Journal of Techniques ◽

10.51173/jt.v3i3.328 ◽

2021 ◽

Vol 3 (3) ◽

pp. 10-19

Author(s):

Samar Abdulkareem AL-Hashemi ◽

Ayad AL-Dujaili ◽

Ahmed R. Ajel

Keyword(s):

Steady State ◽

Induction Motor ◽

High Efficiency ◽

Sliding Mode ◽

Speed Control ◽

Pi Controller ◽

Operating Conditions ◽

Sliding Mode Controller ◽

Integral Sliding Mode ◽

Three Phase

Induction motors are widely used in commercial and industrial applications due to their robustness, high efficiency, low maintenance requirements and durability among other reasons. Consequently, their speed should be controlled for better performance. This paper describes utilization of a scalar speed control of a three-phase squirrel cage induction motor (SCIM) to control a motor’s speed using an integral sliding mode controller (ISMC). The controller was tested under various operating conditions. The results are compared with a case employing a conventional PI controller.
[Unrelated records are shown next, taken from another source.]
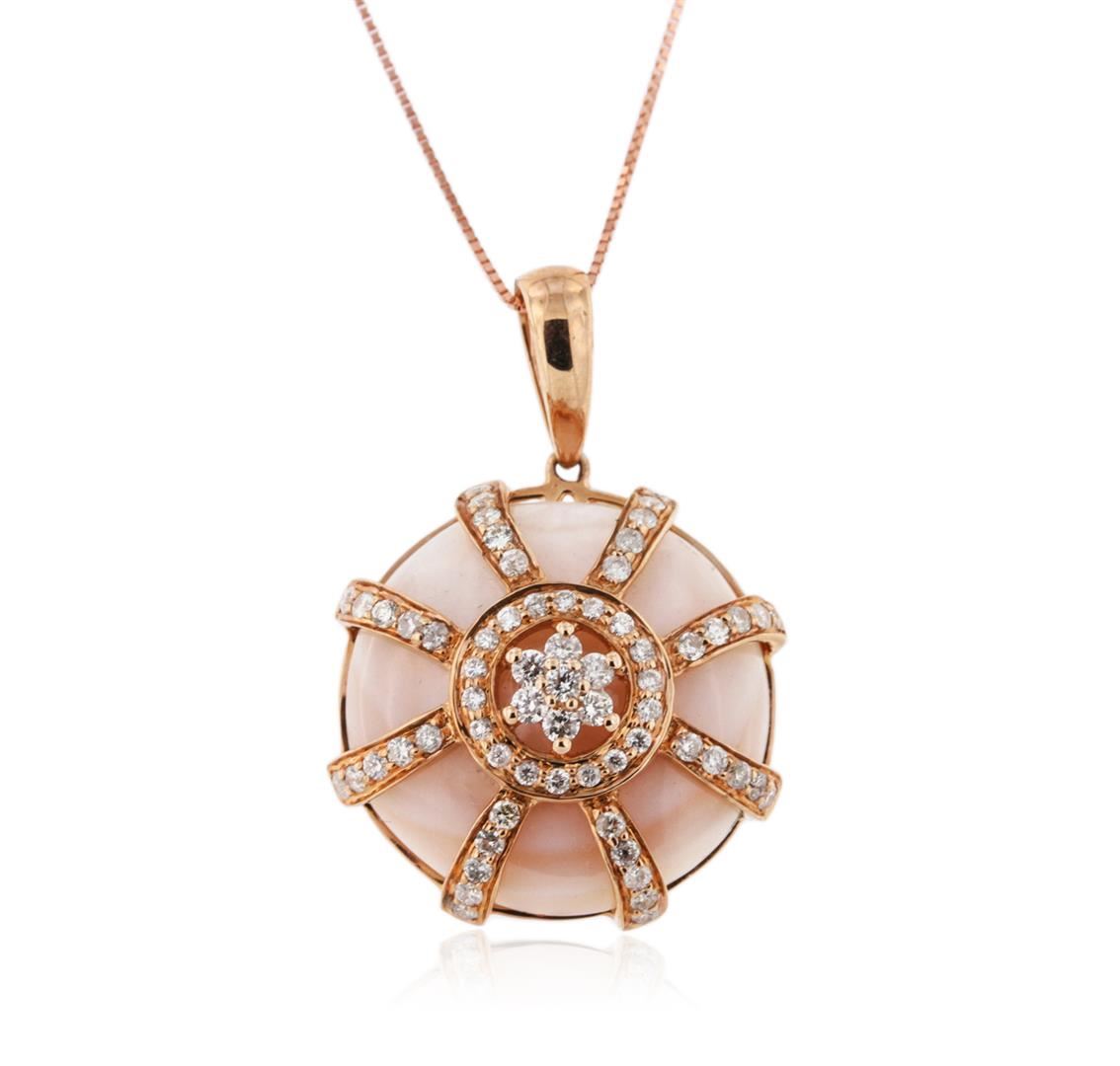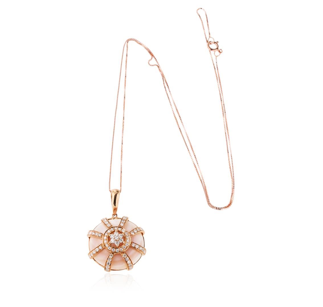 One pendant with chain featuring: 14KT rose gold weighing 2.15 grams containing one mother of pearl with a total weight of 8.39ct and 65 round diamonds with a total weight of 0.56ct.
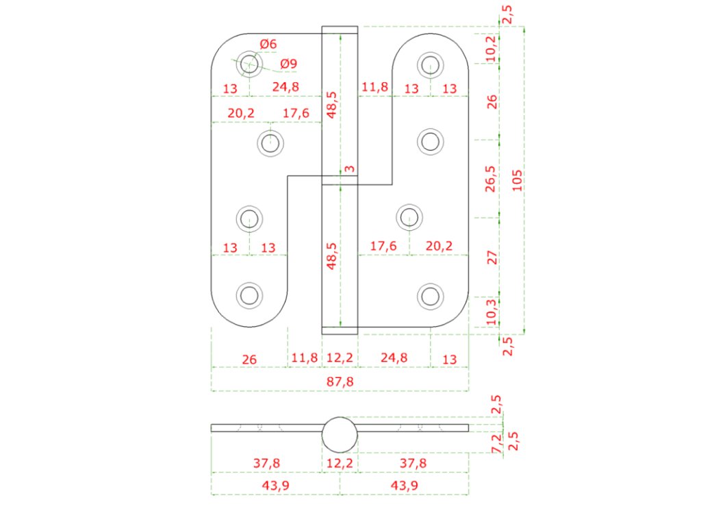 Nerezové panty 100mm (pravé) oválné, kartáčovaná nerezová ocel K320 /AISI304, 1 pár
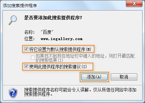 4、分別勾選「將它設置為默認搜索提供程序」與「使用此提供程序的搜索建議」兩個選項,然后再按「添加」。

It was found that speed control by ISMC has a 0.16 RPM steady-state error, 0.03 s to reach steady-state from a standstill, and a 5% overshoot. All of these are lower values as compared to the results of a conventional PI controller. In this paper, the robustness of each controller to uncertainties is checked. Simulation results show the advantages of ISMC control methods. The system is simulated using MATLAB SIMULINK R2017a.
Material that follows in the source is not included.